You will hear far more truth, for example, about the apartheid state of Israel and the suffering of Palestinians from Cornel than from any Republican or Democratic candidate, including Robert F. Kennedy, Jr. who supports the Israeli government.

There are numerous problems with our electoral system: voter suppression, difficulties in registering to vote, the cumbersome process of often casting a ballot, the flawed mechanisms used to count votes, the 30 or 40 incumbents who run in each election cycle for Congress unopposed, redistrictingdenying residents of Washington, D.C. voting representation in Congress, denying the right to cast a ballot for president or a voting member of Congress to the peoples of U.S. “territories”— such as Guam and Puerto Rico, the disenfranchisement of over three million ex-felons and the purging of millions of non-felons from the voter rolls, and the absurdity of the Electoral College, which sees candidates such as George W. Bush and Donald Trump lose the popular vote and win the presidency.

But these problems do not compare to the obstacles placed in front of third parties and independents which mount and run campaigns. 

The ruling corporate parties are acutely aware that they have little to offer a disillusioned public other than more wars, more austerity, more government control and intrusion into our lives, more tax breaks for Wall Street and corporations and more misery for working men and women. They use their control of the electoral system to force us to choose between mediocrities like Donald Trump — and major Democratic donors such as Lloyd Blankfein said they would back Trump if Bernie Sanders was the Democratic Party candidate — and Joe Biden. The only electorally viable candidates outside the two-party structure are the very rich, such as Ross Perot or Michael Bloomberg, who, as Amato writes, are able to “buy their way around the barriers of ballot access restrictions and nonexistent media coverage.”

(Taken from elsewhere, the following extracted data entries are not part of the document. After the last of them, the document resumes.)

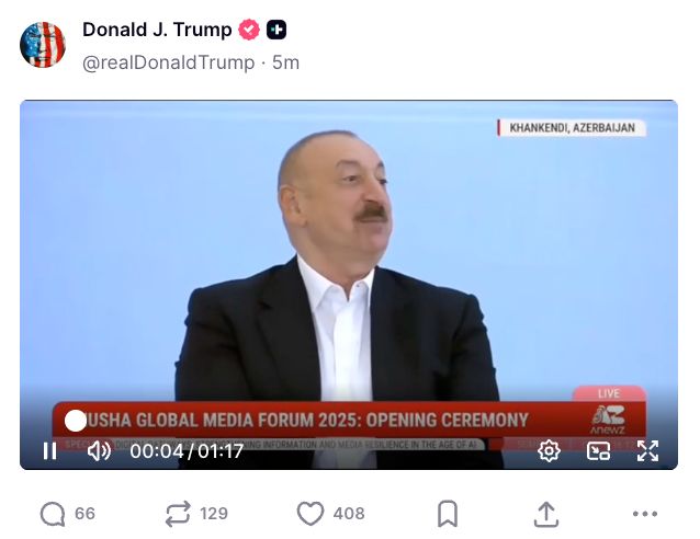 Trump shares a video featuring Azerbaijani President Ilham Aliyev discussing why he hoped Trump would win the U.S. presidency. Once upon a time, it would be profoundly weird for an American politician to tout the endorsements of foreign leaders, let alone foreign dictators, but here we are.
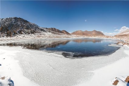 對常年生活在這片土地上的人們來說,一夜便能厚積沒履的大雪早已見慣不驚,但走出縣城一瞥石渠秋日的雪景,依舊讓人不由驚嘆大自然的鬼斧神工。不似平原、丘陵之妖嬈,石渠的雪景是宏偉壯麗的、是氣勢磅礴的,置身其中頓感渺小,心中唯余對自然之敬畏。在25191平方公里的土地上,無論草原或是山巒,入眼皆是一片耀眼的銀白,在頭頂萬里無云的湛藍(lán)天空的輝映下,整個石渠只剩干凈的藍(lán)和純潔的白。
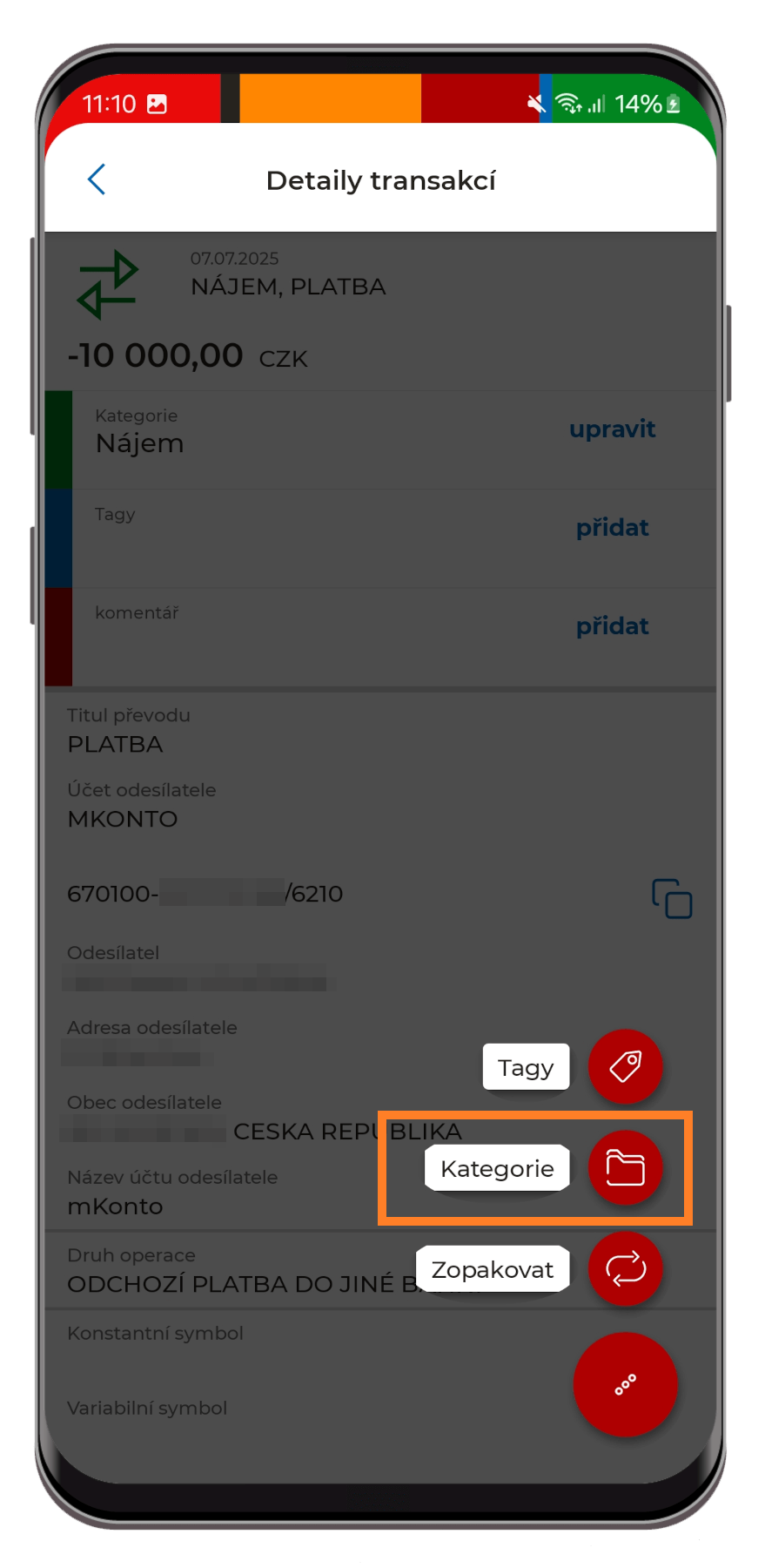 Potřebujete přesunout platbu do jiné kategorie? Žádný problém. Platby se do kategorií řadí automaticky, ale vy máte kdykoli možnost to jednoduše změnit.

Voters do not vote for who they want. They vote against those they have been conditioned to hate. The oligarchy, meanwhile, is assured its interests are protected.

No Republican or Democratic presidential candidate has any intention of halting corporate pillage. They will not curb the fossil fuel industry or combat ecocide. They will not rebuild our decayed infrastructure and failing educational system. They will not reform our predatory for-profit health care system or restore our right to privacy by halting wholesale government surveillance. They will not institute public financing of elections to curb the legalized bribery that defines elective office. They will not raise the minimum wage. They will not end our permanent wars. 

Third parties and independents, even if they poll in the single digits, are a threat to the corporate duopoly because they back reforms, such as increasing tax rates for corporations and the rich, which have broad public support. They expose the corruption of a system that, without funding from billionaires and corporations, would collapse. On nearly every major issue — war, trade policies, militarized police, suppression of the minimum wage, hostility towards unions, revoking of civil liberties, gouging of the public by big banks, credit card companies, big pharma and the healthcare industry — there is little or no difference between the Republicans and the Democrats.  

Monolithic  power always confuses privilege with moral and intellectual superiority. It silences critics and reformers. It champions bankrupt ideologies, such as neoliberalism, to justify its omnipotence. It fosters intolerance and a craving for autocracy. These closed systems throughout history, whether monarchical or totalitarian, ossify into bastions of greed, plunder, mediocrity and repression. They lead inevitably to tyranny or revolution. There are no other options. Voting for Biden and the Democrats will accelerate the process. Voting for Cornel will defy it.